Of course, these are just a few roles I’d like to see. It seems this industry still think engineers can pass with some basic knowledge of software. That’s probably part of why a lot of people are afraid of autonomous vehicles. That said, companies like Tesla are making headway. Just take a look at this description for a Data Engineer with a specialty in autopilot maps:

• Design and implement scalable algorithms and data models that ingest geospatial telemetry data and output features such as traffic speeds and road geometry
• Design and implement big data workflows using Spark and Python
• Devise visualization, debugging, and simulation tools for validation
• Work with a cross-functional team of hardware engineers, application/UI software engineers, QA/Validation, and designers

I’m also a big fan of the requirements:

• Strong programming skills with a solid foundation in data structures, algorithms and software design
• Experience with big data frameworks such as Hadoop/Spark
• Proficiency in Python and experience with data analysis libraries such as pandas, numpy, scipy, and scikit-learn
• Knowledge of Unix/Linux environments and version control systems (e.g. Git)
• High standards for code quality, maintainability, testing, and performance
• No prior experience with car software required

Here you can see that Tesla values actual software experience over mechanical and electrical knowledge. Granted this role probably doesn’t interact directly with the control system. However, it does require a heavy mathematical background. As a bonus, Tesla’s website is pretty easy to use, and it seems to work well on mobile.

Hope for the Future

With all that in mind, I would hope NASCAR and its affiliates would start exploring opportunities in the world of software. The only opportunities I’ve seen so far are in the world of research which require a PhD or equivalent experience in the industry. There are plenty of software engineers who would more than gladly start tackling new projects like analytics and IoT.

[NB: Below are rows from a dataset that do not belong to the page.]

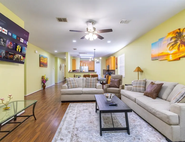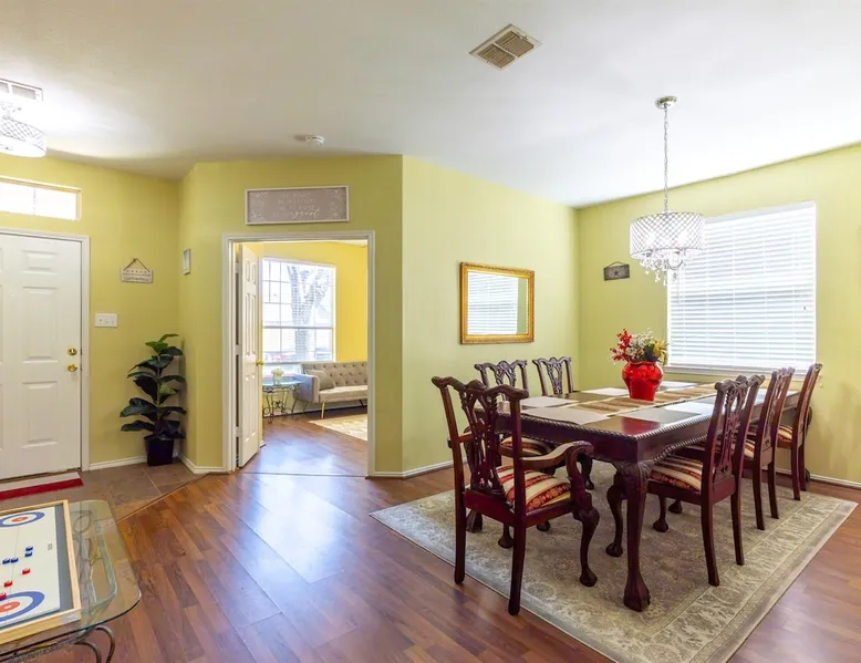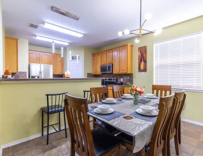 Welcome to your Retreat Getaway in Garland, Texas! This spacious home is designed for comfort and fun, perfect for family trips, group getaways, or business travelers seeking a relaxing space near Dallas. Inside, you’ll find warm Texas-style decor, spacious living areas & a fully equipped kitchen. Remote workers will appreciate fast WiFi, dedicated work space and quiet surroundings, while families and vacationers can enjoy cozy bedrooms, backyard lounging and unbeatable proximity to the water The space Step into true Texas charm at this inviting Garland retreat perfectly located just a short walk from the lake and minutes from community parks and a sparkling pool. Whether you’re visiting for work, family, or pure relaxation, this home is designed to make your stay effortless and memorable. From morning walks along the lake to evenings spent unwinding on the patio, this home offers the perfect balance of comfort, convenience, and local character ideal for extended stays or quick getaways alike. What you’ll love about this home: • 5 min walk to Lake Ray Hubbard • Pool table for friendly competition and evening entertainment • Access to community pool and park just steps away • Open-concept living and dining area with Texas style furnishings and Fast Wi-Fi • Fully equipped kitchen • Comfortable bedrooms with fresh linens and ample storage • Private backyard for relaxing mornings or evening gatherings with a fire pit, corn hole game, and a covered patio area! ⸻ Nearby Attractions • Lake Ray Hubbard (5 min) – Fishing, boating, lakeside dining, and walking trails • Firewheel Town Center (10 min) – Shopping, dining, and movie theater • Bass Pro Shops (8 min) – Outdoor gear + restaurants overlooking the lake • Downtown Dallas (20–25 min) – Museums, nightlife, sports venues, and entertainment • Hawaiian Waters Garland Waterpark (10 min) – Family-friendly water park fun ⸻ Perfect For • Family vacations • Weekend getaways with friends • Work trips or extended stays near Dallas • Guests seeking easy access to major highways (I-30 & PGBT) Guest access Guests will have full access to the entire home and outdoor living space, plus community amenities including: • Pool • Park/playground • Walking trails to the lake Other things to note • Walk to the Lake – Scenic trails and peaceful views just minutes from your door • Community Pool & Park Access – Great for family fun or a refreshing break after work • 20 Minutes to Downtown Dallas – Easy commute for business or exploring the city • Spacious Living Areas – Open layout with cozy Texas-style decor and room to gather • Fully Equipped Kitchen – Cook at home with all the essentials provided • Work-Friendly Setup – Fast Wi-Fi and dedicated spaces for remote work or study • Family-Friendly Comforts – Multiple bedrooms, backyard, and nearby kid-friendly spots • Convenient Parking – Driveway and street parking available for multiple vehicles • Quiet Neighborhood – Perfect for restful nights while staying close to major attractions
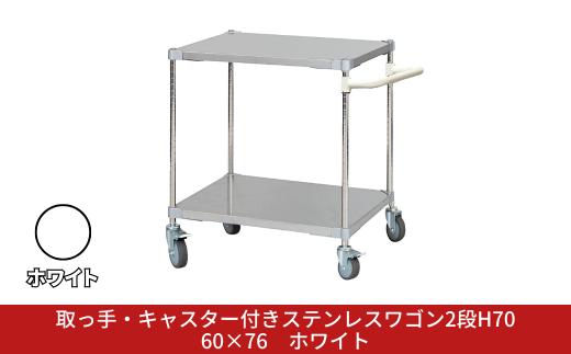取っ手・キャスター付きステンレスワゴン2段H70 60×76 ホワイト PROFACE プロフェイス 冷蔵 冷凍 クリーン 組立式 燕三条製 【284S004】
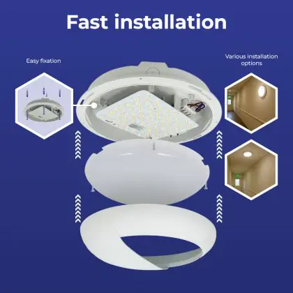 Prima di sostituire un vecchio apparecchio di illuminazione con uno nuovo è sempre consigliabile controllare le dimensioni. Installare questa plafoniera LED è molto facile: basta leggere attentamente le istruzioni e utilizzare il materiale di installazione fornito (viti, tasselli, ecc.). Se hai dubbi sull’installazione consulta un installatore certificato. Per questa lampada offriamo una garanzia di 6 anni.
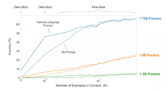 GPT-3 论文提到,参数在 10 亿至 1000 亿级别的模型只需几十个提示词,即可展示出令人印象深刻的学习能力。
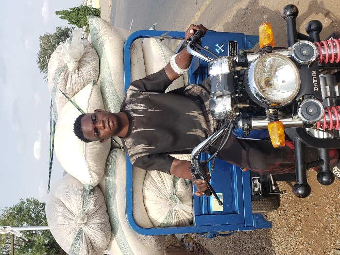 A young adult male, dressed in a black short-sleeved shirt with light grey stains and dark trousers, is seated on a blue three-wheeled cargo motorcycle
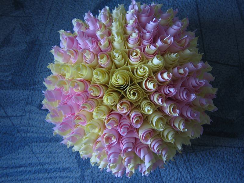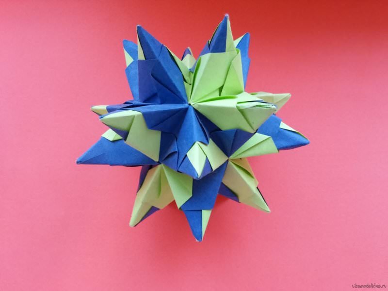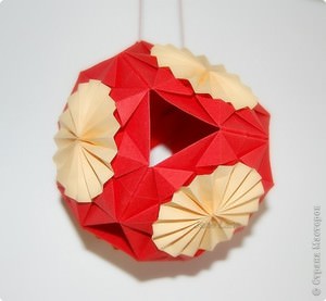 Досить складно виглядає куля-сакура, але вона проста у виготовленні. Така кусудама досить об’ємна і виглядає дуже ефектно.

While I realize autonomous vehicles sort of defeat the purpose of racing, I imagine some forms of that technology could go towards helping with conditions like wheel slip and poor vision. I think drivers may even benefit from some newer technologies in the world of augmented reality. Imagine a windshield that could act like a HUD and propose routes through traffic. It wouldn’t even need to be autonomous. It could be controlled by a crew chief or a spotter.

Regardless, at this point I’m diving into the world of science fiction. I’d like to dial it back and just appreciate NASCAR for what it is – a team sport. And I think those teams could benefit from a software engineer.